Spannende WEC-Saison 2013

"Wir können das erste Rennen in Silverstone kaum erwarten, bei dem die Fahrer um die Tourist Trophy des königlichen Automobilclubs fahren werden. Ich freue mich sehr darüber, dass die Tourist Trophy Teil der Weltmeisterschaft ist. Dass der britische Lauf diesen Titel trägt, erinnert uns an das Erbe des britischen Motorsports. Je mehr wir jedem einzelnen Lauf einen geheimnisvollen Hauch von Geschichte verpassen, umso mehr wird es uns gelingen, eine noch bessere Meisterschaft aufzubauen."

Alexander Wurz, Kazuki Nakajima

In Silverstone findet 2013 der Auftakt der WEC-Saison statt Zoom

Frage: "Bei acht berühmten Strecken im Kalender 2013: Welches Rennen sticht für sie heraus und wo werden wir Sie sehen?"
Owen-Jones: "Le Mans ist einzigartig und jedes Mal unglaublich, aber als jemand, der drei Schwestern hat, habe ich vor langer Zeit gelernt, niemanden zu bevorzugen. Ich liebe sie alle! Wer würde gerne Spa verpassen? Das ist die schönste Rennstrecke der Welt. Wer würde gerne Silverstone verpassen, die Heimstrecke vieler Fahrer und Teams? Gleiches gilt für das Rennen in Japan, der Heimat eines der beiden Wettbewerber um die Meisterschaft in der LMP1. Sie können sicher sein, dass es ein unglaubliches Rennen werden wird."

"Dann gibt es die neue Strecke in Austin, wo wir sicherlich auch eine großartige Veranstaltung erleben werden. Das ist eine gute Balance zwischen brandneuen Strecken und den historischen Kursen in Europa. Ich habe auch ein Faible für Bahrain, denn ein bestimmtes Team leistet dort hervorragende Arbeit und heißt uns immer besonders herzlich willkommen. Ich bin mir sicher, dass alle Veranstaltungen sehr spannende Rennen bieten werden. Ich werde bei mindestens der Hälfte vor Ort sein."

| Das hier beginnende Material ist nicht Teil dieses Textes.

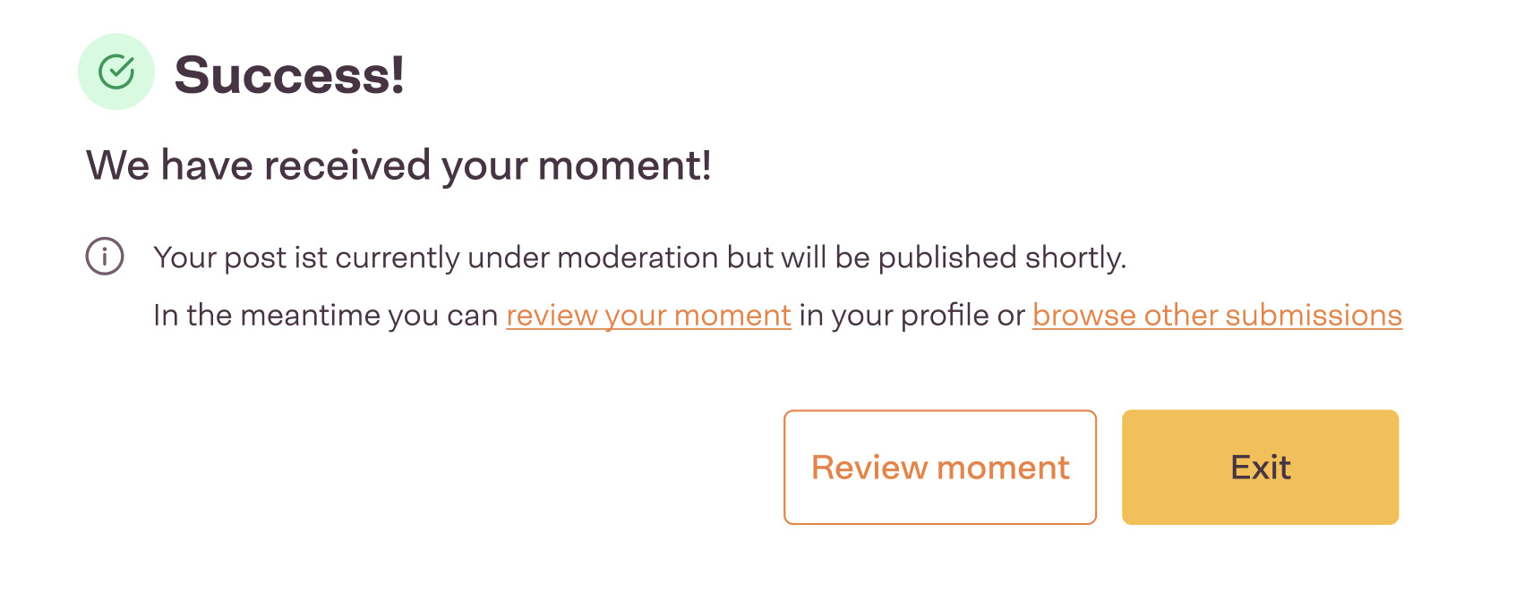 - There is configurable "What happens next" text, usually informing the user how the post needs to be moderated after submission.

Frage: "Zusammengefasst: Was bedeutet Ihnen der Langstreckensport?"
Owen-Jones: "Langstrecken-Rennen sind deshalb so attraktiv, weil sie von Natur aus sehr spannend sind. In einigen anderen Meisterschaften müssen die Organisatoren Neuerungen einführen, um die Aufmerksamkeit der Medien und der Öffentlichkeit zu erregen. Langstrecken-Rennen haben das nicht nötig, sie sind ein natürliches Drama."

"Im letzten Moment zu bremsen, Autos, die in Führung liegend in Unfälle verwickelt werden, Strategien, die nicht aufgehen oder Regen, den niemand erwartet hatte - all das führt zu unerwarteten Dramen. Es scheint nie so zu verlaufen, wie man es erwartet. Das alles zusammen sorgt für spannende Rennen. Bei uns geht es wirklich mehr um die Teams als um egoistische Persönlichkeiten. Niemand gewinnt ein Langstrecken-Rennen, wenn er sich nicht auf den Teamgeist einlässt."

"Das bedeutet, dass man dass Auto für denjenigen, der als Nächster einsteigt, in bestmöglichen Zustand belassen und mit ihm zusammenarbeiten muss. Wir sprechen auch in anderen Motorsport-Kategorien vom Teamgeist, aber im Langstreckensport musst du wirklich ein Teamplayer sein, wenn du gewinnen willst."